Una madrugada de fin de semana pasó un chico cantando serenatas con su guitarra y se quedó parado en la entrada de un edificio de enfrente, evidentemente cantándole a alguien. Era tan emocionante lo que estaba pasando que, a diferencia de mis vecinos que se encargaron de manifestar su disconformidad con lo que sucedía, no tuve corazón para decirle que se callara y me banqué como una campeona el concierto improvisado. Cantaba feo.
A las 7 y 15, de lunes a viernes, pasa un padre con sus dos hijos en edad escolar charlando animadamente en el obvio trayecto hacia la escuela. Son un reloj suizo los hijos de puta. 7 y 15. Creo que los quiero un poco.
Como además vivo pegada a la entrada del edificio, escucho el clic apagado que hace el portón cada vez que alguien sale o ingresa. Hay unos vecinos que piden mucho delivery de helado, son una pareja joven que bajonean a morir sobre todo los jueves y viernes.
La pareja que peleaba cuando comencé a escribir esto desapareció.

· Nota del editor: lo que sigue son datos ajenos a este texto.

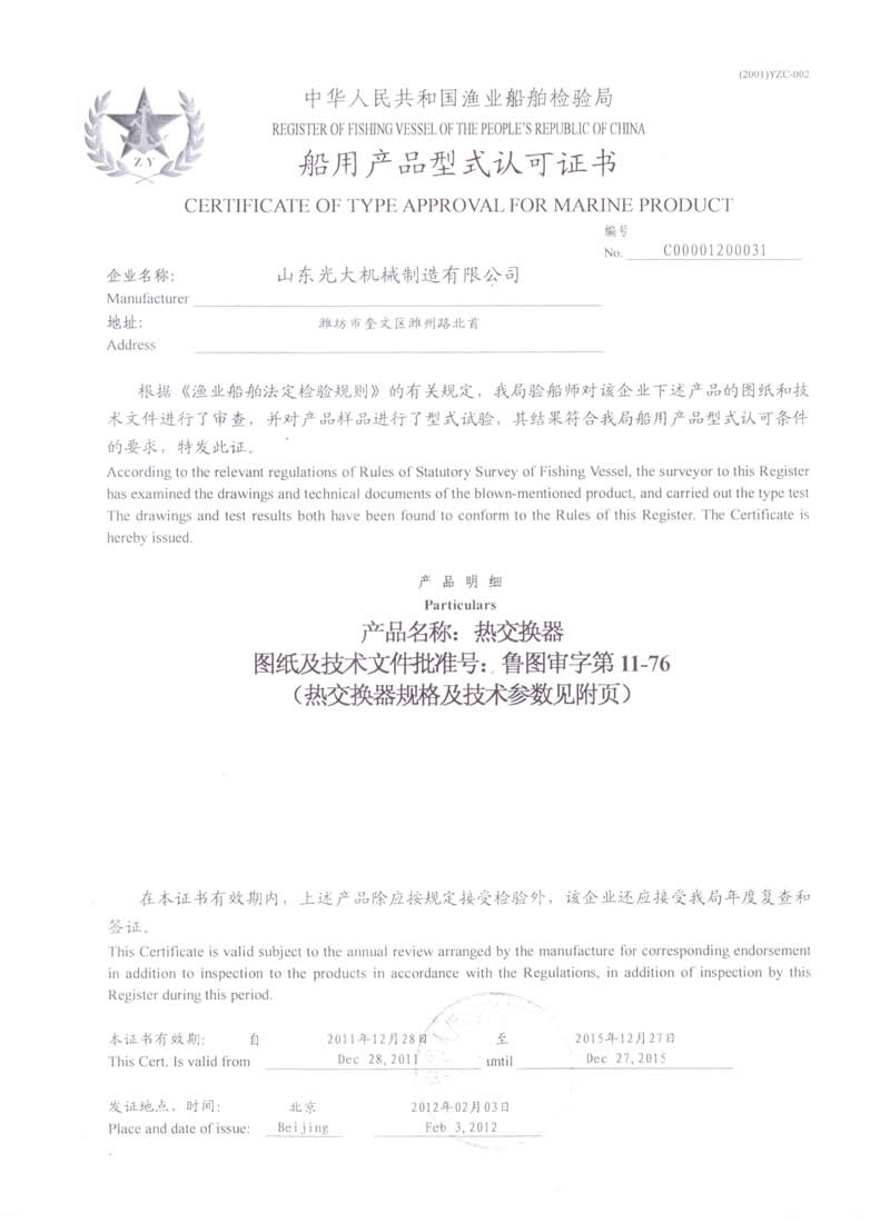 热交换器-船用产品型式认可证书

Así son las cosas.
Al principio pensé que no me iba a bancar tanta exposición externa, que iba a enloquecer. Demasiadas influencias ajenas, demasiada violencia del afuera, demasiada conversaciones escuchadas al pasar de gente que ignora que, del otro lado de esas ventanas con cortinas acanaladas, se encuentra alguien que intenta hacer algo y se ve interrumpido por esa invasión que jamás fue solicitada. Ahora ya me acostumbré. Es como si fuera una melodía más que se acopla a lo que este haciendo. Solo noto lo que en ese momento puedo y quiero notar. Como cuando tenés un yeso y de repente ves gente enyesada distribuida uniformemente por toda la ciudad. O como cuando alguien te da un beso heavy que desestabiliza tu estructura desde la más ínfima célula y las calles parecen estar plagadas de poesía y de gente buena.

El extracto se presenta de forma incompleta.